Hello @py_py , it’s been a long time since I asked that and I have not got an answer either. However, with the new capabilities of Arduplane, it might be possible to use lua scripting to do this, see Scripted Aerobatics — Plane documentation.
I have not tried it myself but it’s probably a good approach today.

thank you @armadillo, probably I will try this thank you.

Another thing that you might find useful. If you want to send info over mavlink and don’t want to go to the trouble of adding your own messages with mavgen, you can send STATUSTEXT from the companion.

This is an awful hack but it should work, the idea is, for something that doesn’t get sent too often (such as an attitude command), you can make your own “protocol” that will be received and ignored by the autopilot but can be intercepted and understood by a Lua script running in the autopilot (again, I have never tried it but it should work in principle). So, STATUSTEXT takes a bunch of bytes. Make the first byte something unlikely to be used in polite conversation that will signal to the script that this is one of your commands. Follow it up with another byte specifying the type of command.

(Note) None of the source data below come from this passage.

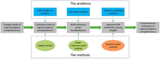 In view of the above reasons, aiming at problems such as the evaluation index system of regional logistics competitiveness being complex and scattered, the normalized distribution of evaluation data being extremely asymmetric and seriously deviating from the normal distribution, and the logic of calculating the index weights by AHP not being accurate, this paper constructs a triangle model of regional logistics competitiveness based on Porter’s diamond model, and it selects closely the related absolute types of indexes from the perspective of the supply chain to build a regional logistics competitiveness evaluation index system. Based on the concept of symmetry theory, a normalization method of segmented mapping with quartiles of various indexes as multi-reference points is proposed by selecting appropriate reference points to standardize the data, thus making the standardized data distribution more reasonable. The dynamic index scale is used to determine the scale of the analytic hierarchy process, and the evaluation matrix is constructed based on the importance level grading table, while the index weights are directly solved without a consistency check, which improves the logical accuracy of the weight calculation of AHP. Then, the index weights are calculated based on an improved analytic hierarchy process. Finally, the comprehensive evaluation value of the logistics competitiveness of each province is weighted, and the evaluation values are sorted and compared. The magnitude of logistics competitiveness can be used as a reference for regional logistics decision-making; this will help provinces and cities recognize the current status of competitiveness in the logistics industry, and this can provide decisions for adjusting the industrial structure, accelerating the construction of logistics infrastructure, and promoting the healthy development of the logistics industry. The method of this paper can be used for multi-criteria decision-making and for a comprehensive evaluation in other fields; the multiple reference points can improve the halo effect (i.e., the index takes a part for the whole) when the index data range is too large, and the dynamic index can improve the analytical quality of the AHP. The research method and framework of this paper are shown in Figure 1.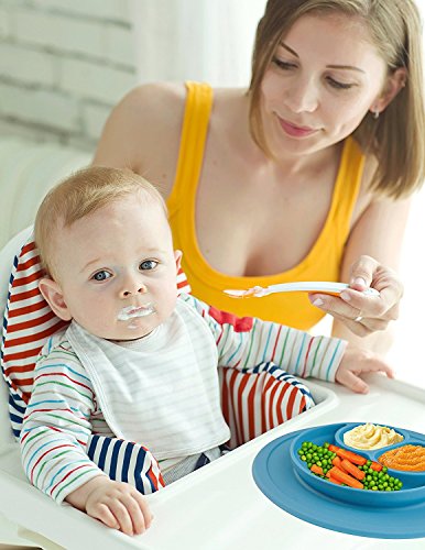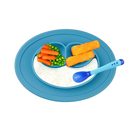 RayMoon お食い始め ランチマット シリコン製 ベビー用 吸盤付き 感温スプーン無料 ブルー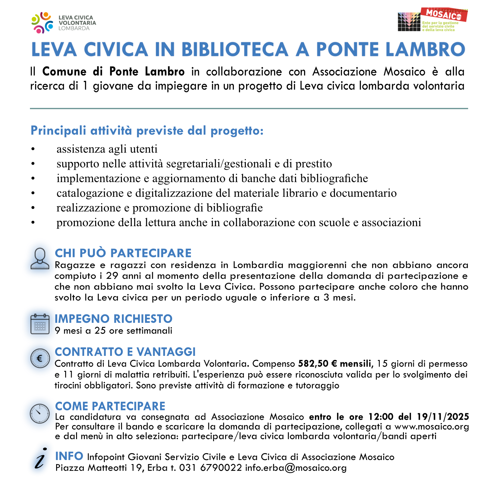 Il Comune di Ponte Lambro, in collaborazione con l'Associazione Mosaico, è alla ricerca di 1 giovane, che non abbia ancora compiuto i 29 anni al momento della presentazione della domanda di partecipazione, da impiegare in un progetto di Leva Civica Lombarda volontaria.

Follow that by the payload specific to the command.

For example, let’s say @ is your start byte and # specifies an attitude command, which you have decided contains two bytes for each of pitch, roll yaw. You would send something like:
@#pprryy
and have your Lua script keep an eye on incoming STATUSTEXT messages starting with @. The rest is up to you, you would need to decode the pprryy and then somehow command the autopilot to achieve this attitude.